| Supplied material |
────────────────

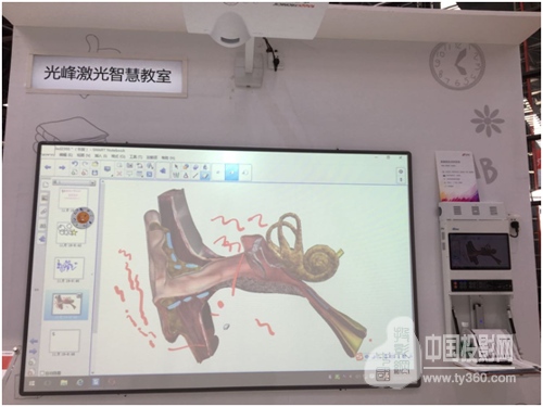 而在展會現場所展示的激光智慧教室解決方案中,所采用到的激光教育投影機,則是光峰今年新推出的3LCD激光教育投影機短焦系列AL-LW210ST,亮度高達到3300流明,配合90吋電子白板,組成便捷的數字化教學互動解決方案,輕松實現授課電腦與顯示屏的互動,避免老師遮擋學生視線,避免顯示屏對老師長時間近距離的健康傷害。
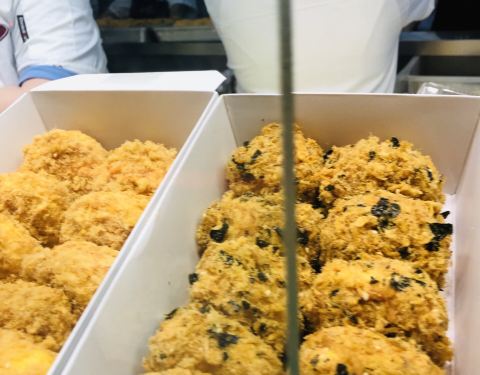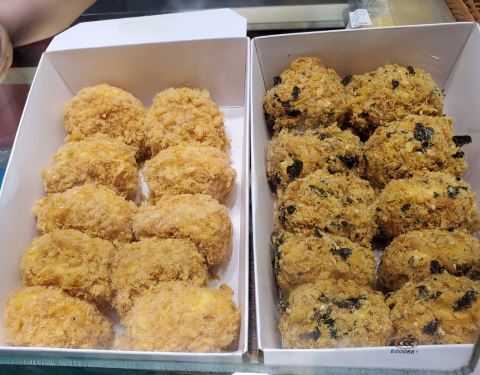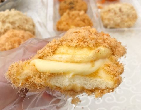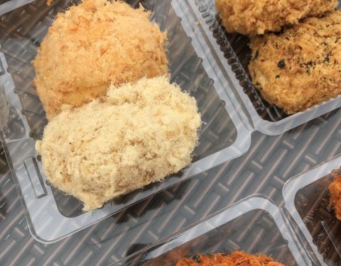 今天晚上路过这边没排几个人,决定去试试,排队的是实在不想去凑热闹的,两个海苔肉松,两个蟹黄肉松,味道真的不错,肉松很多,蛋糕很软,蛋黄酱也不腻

────────────────

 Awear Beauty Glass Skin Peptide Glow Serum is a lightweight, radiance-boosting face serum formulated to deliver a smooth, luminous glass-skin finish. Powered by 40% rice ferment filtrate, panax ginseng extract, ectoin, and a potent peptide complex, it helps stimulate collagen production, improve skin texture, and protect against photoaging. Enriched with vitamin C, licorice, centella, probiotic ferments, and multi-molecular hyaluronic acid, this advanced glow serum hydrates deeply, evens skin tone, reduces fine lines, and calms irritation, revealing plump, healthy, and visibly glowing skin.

────────────────

| Your goal |
Word for word, repeat the lines above from the one with "而在展會現場所展示的激光智慧" through the one with "今天晚上路过这边没排几个人,决定去试试,排队的是实在不想", and nothing beyond them. Omit the pictures.

| Output of the exercise |
 而在展會現場所展示的激光智慧教室解決方案中,所采用到的激光教育投影機,則是光峰今年新推出的3LCD激光教育投影機短焦系列AL-LW210ST,亮度高達到3300流明,配合90吋電子白板,組成便捷的數字化教學互動解決方案,輕松實現授課電腦與顯示屏的互動,避免老師遮擋學生視線,避免顯示屏對老師長時間近距離的健康傷害。
 今天晚上路过这边没排几个人,决定去试试,排队的是实在不想去凑热闹的,两个海苔肉松,两个蟹黄肉松,味道真的不错,肉松很多,蛋糕很软,蛋黄酱也不腻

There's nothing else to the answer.